Microsoft Corporation

May 2000

Summary: Presents an overview of the Microsoft Exchange 2000 Cluster service and helps administrators and developers understand how Exchange 2000 implements Active/Active clustering. (12 printed pages)

Contents

Introduction

Overview
Exchange 2000 Cluster Awareness
Setting Up Windows 2000 Clustering
Exchange Virtual Servers
Exres.dll
Exchange Resources
Architecture
Performance
Conclusion

On This Page

Introduction

Introduction

E-mail has become a mission-critical application. Businesses rely on e-mail for round the clock communications with both internal and external customers. If e-mail is unavailable, money is lost.

Maintaining high availability in any e-mail system can only be managed at the enterprise level. While there is no single feature that will provide 100 percent uptime, the robust and stable Microsoft® Exchange 2000 platform provides new clustering functionality that will reduce both planned and unplanned downtime.

Clustering is one of the tools that experienced administrators can use to attain round-the-clock availability. However, while it makes data easily available, it does not protect the data itself. This document provides information that will help administrators and developers understand how Exchange 2000 implements Active/Active clustering and how it works, as well as how it affects their systems. This paper is intended as an overview and no performance data or recommended configurations are given.

Overview

It is important to have a firm understanding of the Microsoft Windows® 2000 Cluster service because it works directly with Exchange 2000. There are many documents available for review in the MSDN Library that discuss the Windows 2000 Cluster service. The rest of this paper assumes that you are familiar with Windows 2000 Clustering. Listed below are a few of the topics addressed.

  • Exchange Cluster Awareness

  • Windows Clustering Setup

  • Exchange Virtual Servers

  • Exchange Resources

  • Architecture

  • Performance

The main features of the Windows 2000 Cluster service, with respect to Exchange 2000, are:

  • Shared nothing architecture. Because Windows 2000 Cluster service does not allow dynamic load balancing, neither does Exchange 2000. Although all nodes in the cluster can access the shared data, it takes seconds to exchange control of the shared data.

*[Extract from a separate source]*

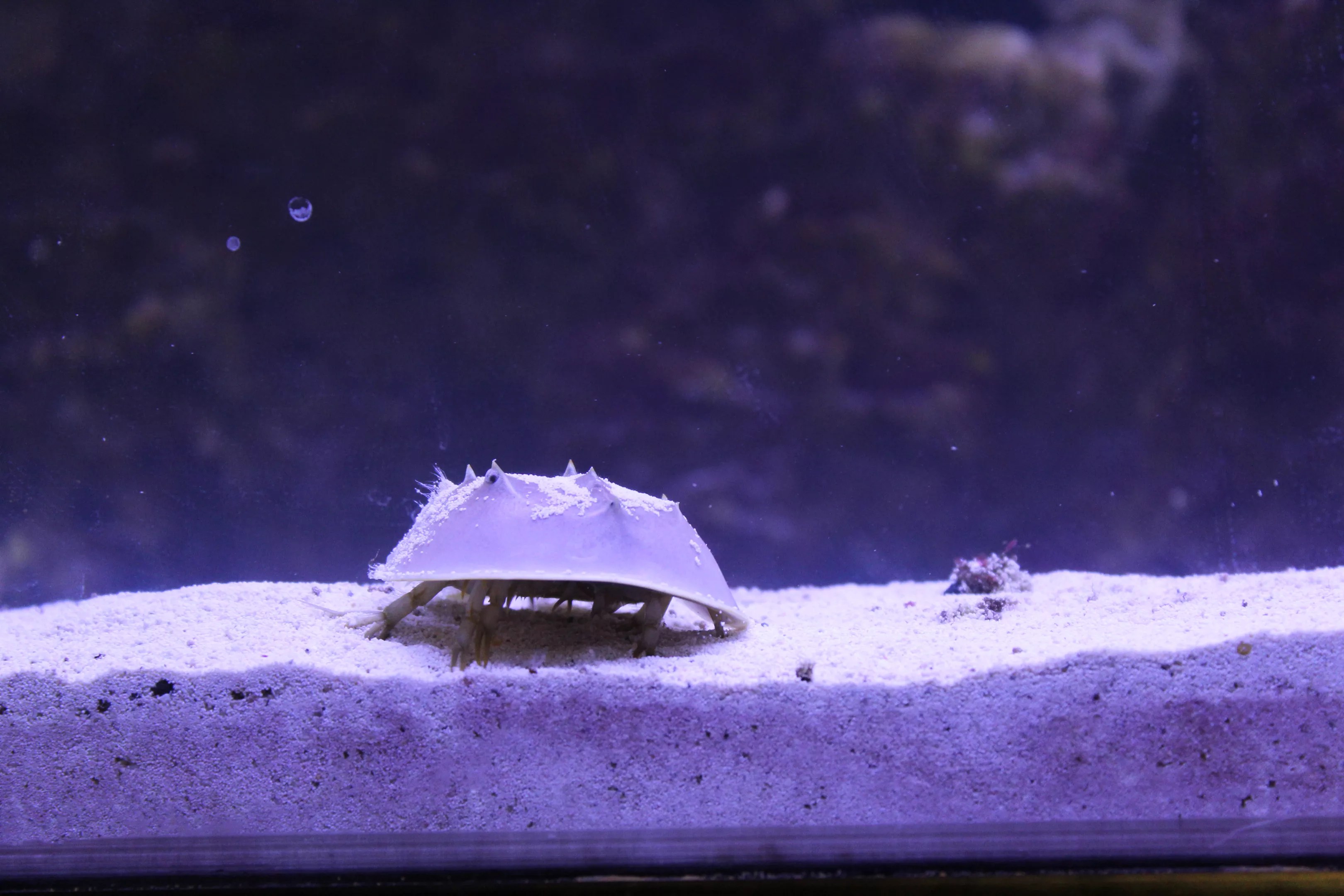 A giant aquatics tank houses urchins, sea stars, a baby slipper lobster and baby horseshoe crabs.

No one can access the shared data during that time.

  • Resource DLL. Windows 2000 communicates with resources in a cluster through a resource DLL. Exchange 2000 provides its own custom resource DLL, named exres.dll. Communication between the Windows 2000 Cluster service and Exchange 2000 has been enhanced and customized to provide all Cluster service functionality.

  • Resources. Exchange 2000 provides its own resources for use in clustering. It also uses some resources provided by Windows 2000, such as the disk, the IP address, and the Network Name resource. Each resource has properties that the Windows 2000 Cluster service uses to manage it. These properties affect the Exchange 2000 resources as well, but Exchange 2000 does not own them.

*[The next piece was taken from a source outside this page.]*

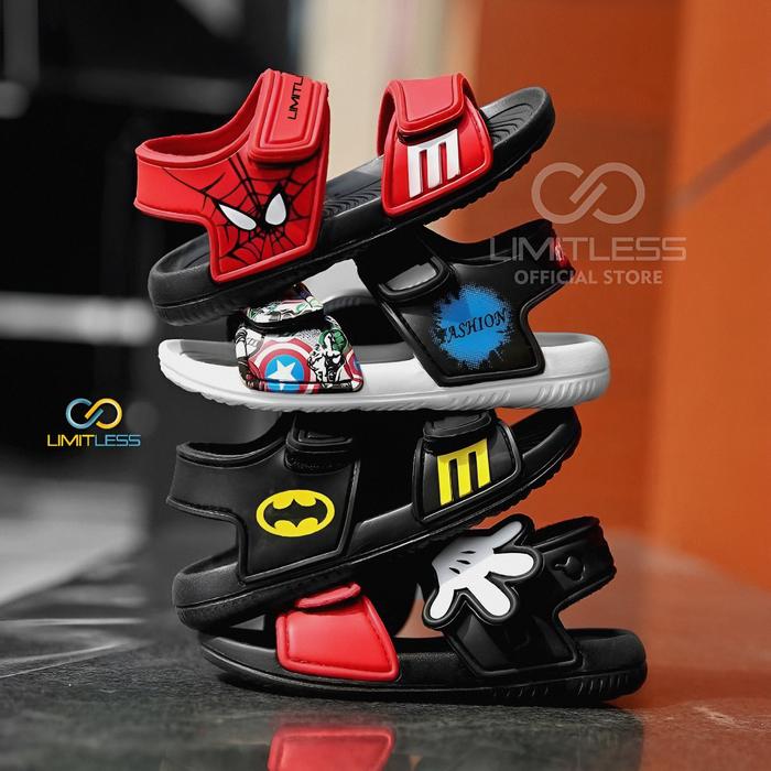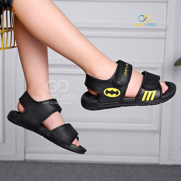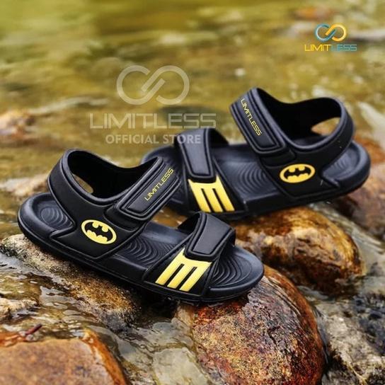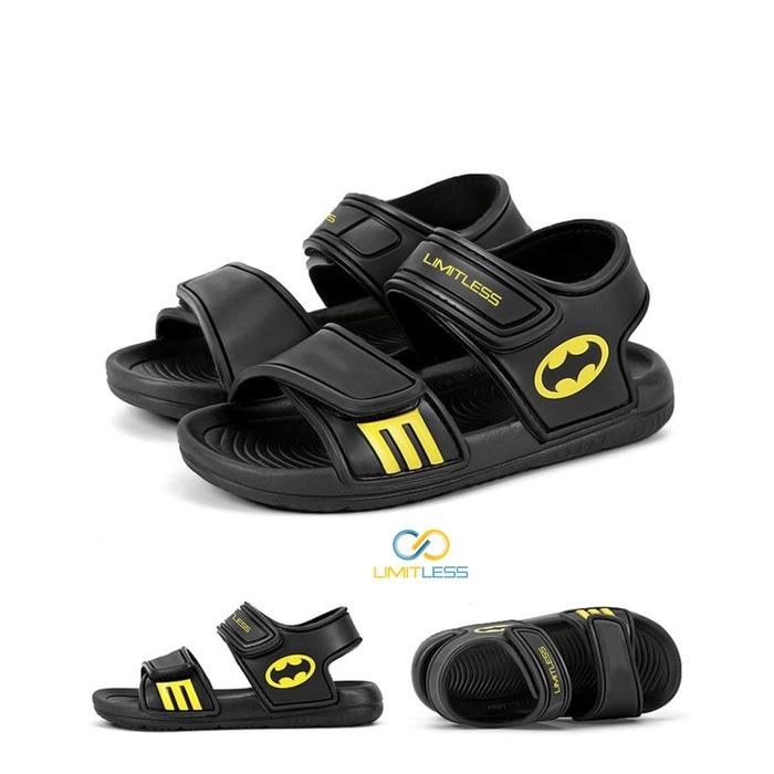Sepatu Sandal Anak Laki Karakter Lucu Lentur Ringan Anti Slip Kaki Terbaru Fashion - Bat-Man Hitam, 34

  • Cluster groups. Exchange 2000 uses the cluster groups as Exchange Virtual Servers (EVS). Understanding how Windows 2000 uses cluster groups and their properties will help the user understand how Exchange 2000 works in a clustered environment.

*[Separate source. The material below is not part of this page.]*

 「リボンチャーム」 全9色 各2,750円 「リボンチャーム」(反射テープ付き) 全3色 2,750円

All the restrictions and recommendations that apply to Windows 2000 clusters also apply to Exchange 2000 when running on a Windows 2000 cluster. These restrictions and recommendations include hardware compatibility and deployment guides.

Exchange 2000 Cluster Awareness

Exchange 2000 is fully cluster-aware. Many changes were made to Exchange 2000 so that multiple EVSs could run on the same node (Active/Active). The major changes are:

  • Exchange 2000 now allows multiple storage groups and protocol virtual servers to exist on a single server. Exchange 2000 clustering uses these features to implement Active/Active clustering as discussed later.

  • Exchange 2000 has its own resource DLL, exres.dll.

  • All Exchange components must be aware that the server network name and the node network name are different, because the machine name that runs the EVS will change as the EVS is failed over to other nodes.

The first two changes are discussed throughout the rest of the paper. The third change is a general requirement of every component that runs on a cluster and is not addressed here. Nevertheless, Exchange 2000 on a cluster is very similar to Exchange 2000 as a stand-alone server. After you understand how Exchange 2000 works in a cluster, many of the concepts that apply to a stand-alone server can easily be understood in a cluster.

Setting Up Windows 2000 Clustering

The Windows 2000 Cluster service must be set up and functional before Exchange 2000 is installed on the cluster. The account with which the cluster was created must have administrator rights on all nodes and be an account in the domain. This account must also be a member of the delegated Exchange administrators group. The Exchange 2000 Installation Wizard generates a message to inform the user that it is being installed on a cluster.

Cc767158.clust_clust01(en-us,TechNet.10).gif

Figure 1: Exchange 2000 Installation Wizard dialog box

Setup then places the Exchange 2000 binaries on the local drive of the node but does not create shared data directories. Setup also creates the Exchange-specific cluster resource types. The node must be rebooted after setup is complete.

The Exchange Virtual Servers, discussed in the next section, are created in the cluster administrator after rebooting. In the cluster administrator, select a cluster group and create the IP address, Network Name resource, and Disk resource (for the shared data) if they are not already there. Next, create the System Attendant resource, which is dependent on the Disk and Network Name resources. After the System Attendant resource is created, Exchange creates the rest of the required resources. The cluster group is now an Exchange Virtual Server.

Exchange Virtual Servers

Exchange Virtual Servers (EVS) are an important concept in an Exchange 2000 cluster. An EVS acts as a stand-alone server. Clients connect to the EVS just as they do to a stand-alone server. An EVS is a cluster group that has the following four elements.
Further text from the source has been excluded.